I curl my toes under the balls of my feet.

Something is poking my right heel; my big toes flex and slide on the linoleum.

“We used to have that linoleum in my parents’ house in the ’90s,” a friend told me after we moved in. One day, our kids will tell one of their friends, “We used to have that in my parents’ house in the ’20s.”

It won’t be about linoleum, but we’re in the income bracket for economical, mass-produced goods, so I’m sure there are plenty of candidates.

I like the linoleum just fine. The faux tile grout is beginning to warp in areas of high traffic, where it’s pulling from the glue beneath and exposing the subfloor in a few places near the baseboards. Again, this is fine. On Einstein’s view, the curvature of spacetime is like this: the structure of the universe is a taught sheet and massive objects are bowling balls, bending the fabric.

I curl my toes under the balls of my feet.

The birds are with me in the morning and the cicadas at night. The open windows beckon Fall. The bubbling coffee and crisp air greet me each day, and the linoleum in the kitchen is cool. I’ve never stayed in a home, house, apartment, rental, Air BnB, or state park cabin where anything important happening, didn’t happen in the kitchen.

I don’t leave home often.

That’s an understatement.

I sleep in my office, or I work in my bedroom, a family of five and working from home. Sometimes my house can feel like a set.

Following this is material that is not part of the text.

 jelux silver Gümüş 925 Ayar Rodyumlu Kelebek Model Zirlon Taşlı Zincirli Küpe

Jerry’s apartment physically could not exist, but that didn’t matter for the storytelling. My house is a set, and I’m the union crew who handles maintenance and cleanup. I’m most active on the off hours. The main characters shoot their scenes, and the recurring guests get in their parts. The clapboards are stored, and the loose scripts are recycled before I lock the door, switch off most the lights, and check on the kids.

I return to the kitchen to write, doom scroll, watch the news with my airpods, or chuckle while crying and surrender to absurdity. Most folks I know who have water dispensers in fridge doors eventually buy bottled water and tell people not to drink the refrigerator water. Ours still seems to work fine, but I admit, it does taste like the ice. Well. The ice tastes like the water because the ice is the water, and the water is the ice, and the vapor rolling off the Kraft mac and cheese is the water, too. Life’s a trip.

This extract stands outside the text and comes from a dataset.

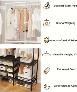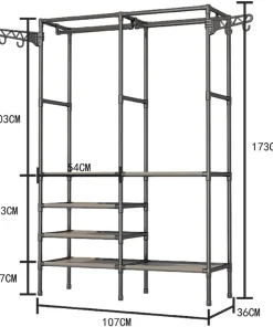 * Le placard autoportant à double tige ne nécessite aucun assemblage d’outil et peut être facilement installé.

I walk over to the dispenser and stick my Ball jar underneath. Our water glasses are Ball jars. It’s not quaint. It’s easy. My neighbor just told us about plastic lids for the Ball jars. Pro tip.

Standing at the dispenser, filling my Ball jar, I curl my toes under the balls of my feet. Something is poking my right heel.

I sit down to write.

Like iPhone portrait mode, the background has been blurry lately; distant, and I’m on stage, acting. I want to be left alone while receiving all the attention. Don’t ask me what’s wrong but know what is. It’s like so many others aren’t reading off the same script, and I don’t know how to read your lines for you. I need your words to help me fill in my part. I can’t do both; I’m just talking to myself.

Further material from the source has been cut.